Questions tagged [lagrange-multiplier]

This tag is for the questions on Lagrange multipliers. The method of Lagrange multipliers (named after Joseph Louis Lagrange) provides a strategy for finding the local maxima and minima of a function subject to equality constraints.

When are Lagrange multipliers useful?

One of the most common problems in calculus is that of finding maxima or minima (in general, "extrema") of a function, but it is often difficult to find a closed form for the function being extremized. Such difficulties often arise when one wishes to maximize or minimize a function subject to fixed outside conditions or constraints. The method of Lagrange multipliers is a powerful tool for solving this class of problems without the need to explicitly solve the conditions and use them to eliminate extra variables.

Put more simply, it's usually not enough to ask, "How do I minimize the aluminum needed to make this can?" (The answer to that is clearly "Make a really, really small can!") You need to ask, "How do I minimize the aluminum while making sure the can will hold $10$ ounces of soup?" Or similarly, "How do I maximize my factory's profit given that I only have $\$15,000$ to invest?" Or to take a more sophisticated example, "How quickly will the roller coaster reach the ground assuming it stays on the track?" In general, Lagrange multipliers are useful when some of the variables in the simplest description of a problem are made redundant by the constraints.

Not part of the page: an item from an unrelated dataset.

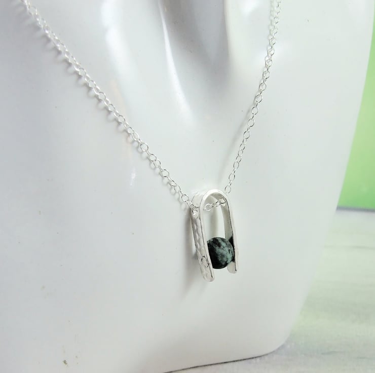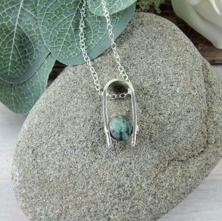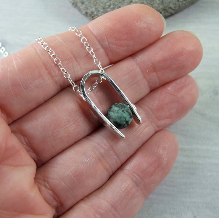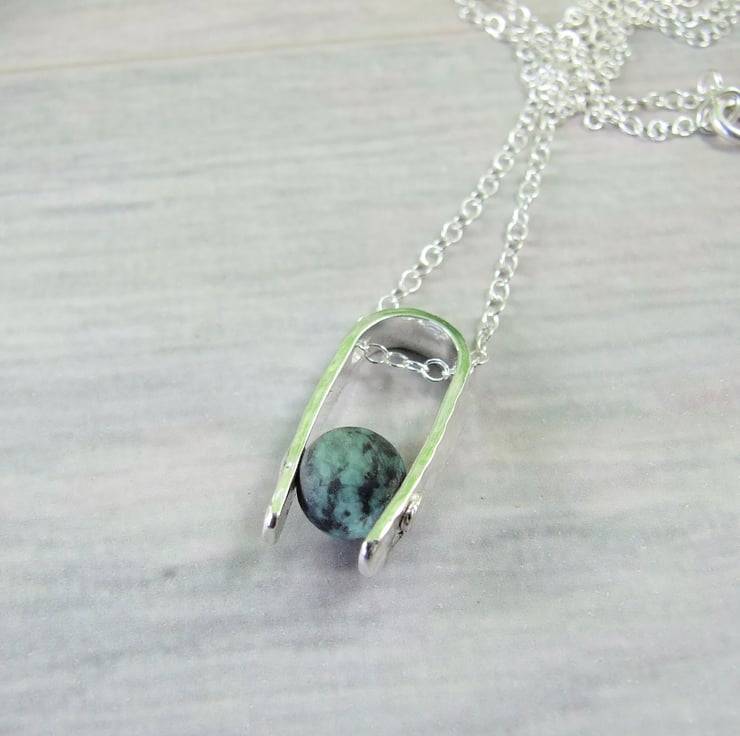 I have created the pendant bail from sterling silver sheet cut to length textured with a mottled pattern drilled through and shaped into a 'U'. I have then added an 8mm African Turquoise gemstone bead securely held in place with a sterling silver rivet. Fitted to an 18 inch .925 Sterling Silver Chain.

The mathematics of Lagrange multipliers:

To find critical points of a function $f(x, y, z)$ on a level surface $g(x, y, z) = C$ (or subject to the constraint $g(x, y, z) = C$), we must solve the following system of simultaneous equations: $$∇f(x, y, z) = λ∇g(x, y, z)$$ $$g(x, y, z) = C$$ Remembering that $∇f$ and $∇g$ are vectors, we can write this as a collection of four equations in the four unknowns $x, y, z,$ and $λ$ : $$f_x(x, y, z) = λ~g_x(x, y, z)$$ $$f_y(x, y, z) = λ~g_y(x, y, z)$$ $$fz(x, y, z) = λ~g_z(x, y, z)$$ $$g(x, y, z) = C$$ The variable $~λ~$ is a dummy variable called a Lagrange multiplier; we only really care about the values of $x, y,$ and $z$ .

Once we have found all the critical points, we plug them into $~f~$ to see where the maxima and minima. The critical points where $~f~$ is greatest are maxima and the critical points where $~f~$ is smallest are minima.

Note:

Solving the system of equations can be hard! Here are some tricks that may help:

$1.\quad$ Since we don’t actually care what $~λ~$ is, you can first solve for $~λ~$ in terms of $~x,~ y,~$ and $~z~$ to remove $~λ~$ from the equations.

$2.\quad$ Try first solving for one variable in terms of the others.

$3.\quad$ Remember that whenever you take a square root, you must consider both the positive and the negative square roots.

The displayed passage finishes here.